LIke most women, I drop my dollars on a certain amount of overpriced makeup, so I just looooved being characterized as this:


 “…little freaked out, intimidated, frightened, right-wing Republican thin-lipped bitch”.


Yup, that’s what Estee Lauder, parent company of M.A.C. Cosmetics thinks of me. Or did, when M.A.C. hired the consummately talentless and unfunny Sarah Bernhard to mock me and my conservative sisters in a video commercial. Fortunately our blogstress friends at The Cotillion got right on it and eventually got Estee Lauder to both erase the offending line from the video and issue a mealy-mouthed apology.


And today on Town Hall, Michelle Malkin reads Lauder the riot act:


“The quest for a good moisturizer transcends partisan politics. Our money is green, like everyone else’s. Oh, and we have feelings, too.


“So when corporate boneheads in your industry (such as the ones at MAC Cosmetics) hire left-wing celebrities (such as offend-a-holic Sandra Bernhard) to hawk lip-plumping products by hurling epithets at us (such as “little freaked out, intimidated, frightened, right-wing Republican thin-lipped bitch”), we are not just going to roll over like tubes of mascara across a make-up counter.
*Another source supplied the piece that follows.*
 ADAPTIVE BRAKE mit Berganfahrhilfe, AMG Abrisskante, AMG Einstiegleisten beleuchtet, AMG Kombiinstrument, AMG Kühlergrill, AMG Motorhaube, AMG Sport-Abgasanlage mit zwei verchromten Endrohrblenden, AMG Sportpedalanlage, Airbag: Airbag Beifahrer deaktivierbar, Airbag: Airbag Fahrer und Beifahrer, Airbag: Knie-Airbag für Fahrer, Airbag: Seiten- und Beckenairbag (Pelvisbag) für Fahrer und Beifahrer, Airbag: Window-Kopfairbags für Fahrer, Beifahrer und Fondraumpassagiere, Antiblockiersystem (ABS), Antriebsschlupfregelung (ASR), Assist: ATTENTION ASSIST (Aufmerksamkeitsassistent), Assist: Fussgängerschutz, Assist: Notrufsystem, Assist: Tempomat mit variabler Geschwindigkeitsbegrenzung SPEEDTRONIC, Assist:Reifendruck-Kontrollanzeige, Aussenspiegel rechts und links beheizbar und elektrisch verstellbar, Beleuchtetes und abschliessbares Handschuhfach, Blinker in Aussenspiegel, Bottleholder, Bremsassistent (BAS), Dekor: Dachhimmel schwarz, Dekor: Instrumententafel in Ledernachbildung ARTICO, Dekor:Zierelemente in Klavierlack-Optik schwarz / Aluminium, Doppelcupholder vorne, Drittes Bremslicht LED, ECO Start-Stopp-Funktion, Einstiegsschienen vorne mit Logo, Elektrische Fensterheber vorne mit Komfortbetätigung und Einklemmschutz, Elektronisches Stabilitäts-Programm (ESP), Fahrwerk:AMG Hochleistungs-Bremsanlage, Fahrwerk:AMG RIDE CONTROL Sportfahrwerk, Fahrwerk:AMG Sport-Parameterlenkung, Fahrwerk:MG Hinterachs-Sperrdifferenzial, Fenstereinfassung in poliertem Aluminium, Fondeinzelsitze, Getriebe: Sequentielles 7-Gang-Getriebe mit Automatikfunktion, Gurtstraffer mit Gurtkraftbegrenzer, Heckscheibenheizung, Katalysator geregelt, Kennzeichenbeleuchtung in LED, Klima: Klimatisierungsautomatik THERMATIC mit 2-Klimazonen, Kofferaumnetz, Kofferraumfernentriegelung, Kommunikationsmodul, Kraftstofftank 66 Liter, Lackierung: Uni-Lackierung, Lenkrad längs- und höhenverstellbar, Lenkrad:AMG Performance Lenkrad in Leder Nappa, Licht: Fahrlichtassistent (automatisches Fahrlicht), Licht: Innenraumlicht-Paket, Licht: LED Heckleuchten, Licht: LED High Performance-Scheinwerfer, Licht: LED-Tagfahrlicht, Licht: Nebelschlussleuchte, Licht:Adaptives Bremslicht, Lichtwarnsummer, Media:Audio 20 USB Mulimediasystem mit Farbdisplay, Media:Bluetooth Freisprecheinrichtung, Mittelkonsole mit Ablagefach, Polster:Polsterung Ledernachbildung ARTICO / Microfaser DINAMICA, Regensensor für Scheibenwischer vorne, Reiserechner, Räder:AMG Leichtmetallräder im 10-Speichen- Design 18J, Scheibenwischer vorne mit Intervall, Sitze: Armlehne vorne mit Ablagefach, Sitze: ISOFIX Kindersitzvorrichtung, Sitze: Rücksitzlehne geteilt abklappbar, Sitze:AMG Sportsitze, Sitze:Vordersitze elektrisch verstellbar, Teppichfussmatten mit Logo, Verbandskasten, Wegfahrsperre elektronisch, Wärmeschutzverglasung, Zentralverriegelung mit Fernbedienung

“There was a time when you could get away with snubbing us so gratuitously — a time before the Internet and the blogosphere and YouTube existed. No more. When the gals at The Cotillion (cotillion.mu.nu), a consortium of conservative women bloggers, organized an online protest against MAC’s anti-Republican advertising mockery, the company realized a simple truth: Politicizing beauty potions may be good for a few snickers in the boardroom — but it’s plain bad business in Middle America…..
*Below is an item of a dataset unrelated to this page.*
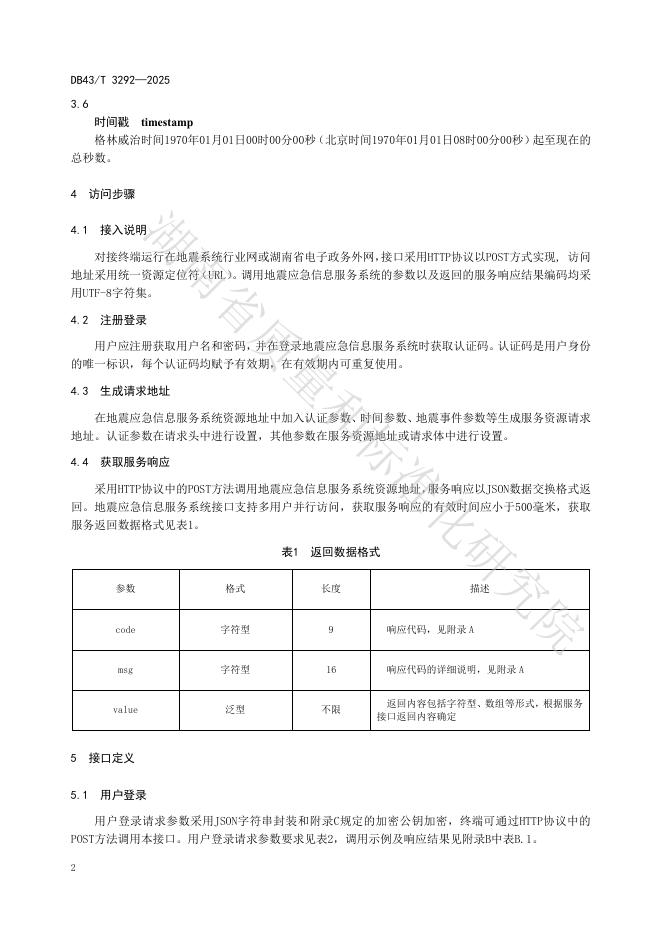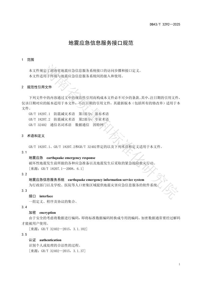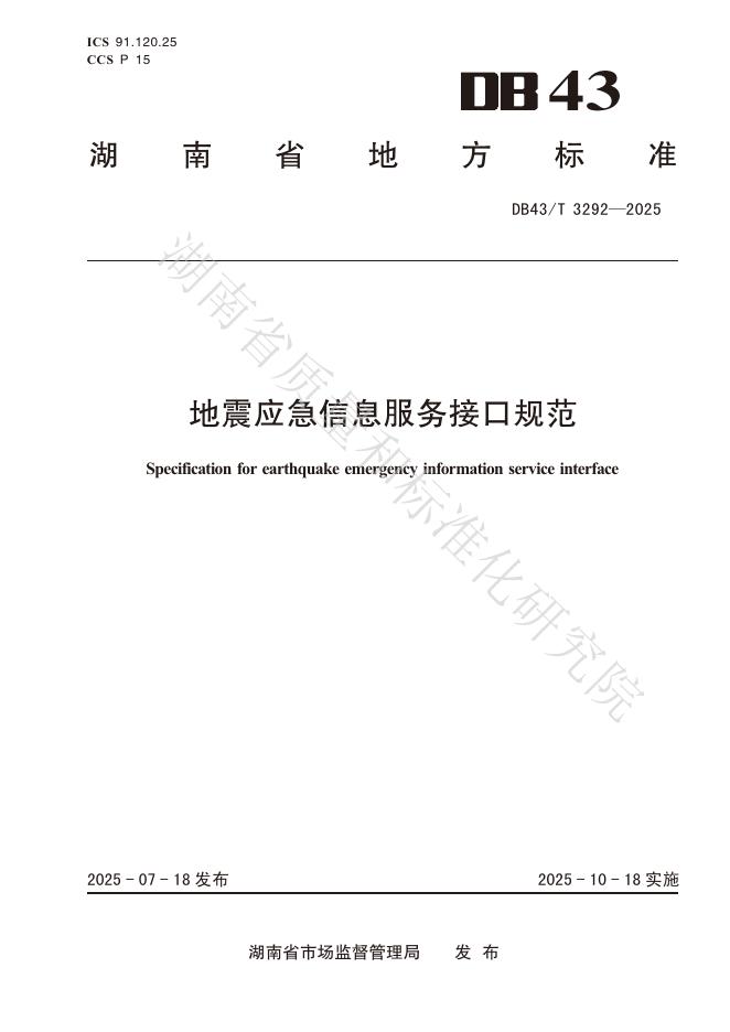 DB43/T 3292-2025 地震应急信息服务接口规范

“But let this be a lesson learned, beauty barons. Your customers are not just ‘Desperate Housewives’ cast members and unhinged friends of Madonna. It’s not nice to bite the manicured hands of conservative women who feed you. Take it from a big-mouthed Fox News Channel contributor who buys lip gloss by the barrel. If you truly ‘respect’ all of your customers, you won’t go out of your way to pay sneering ‘provocateurs’ to antagonize a substantial portion of them in the first place. The bottom line is that enhancing the bottom line should be your top priority, not enhancing your popularity in Hollywood.”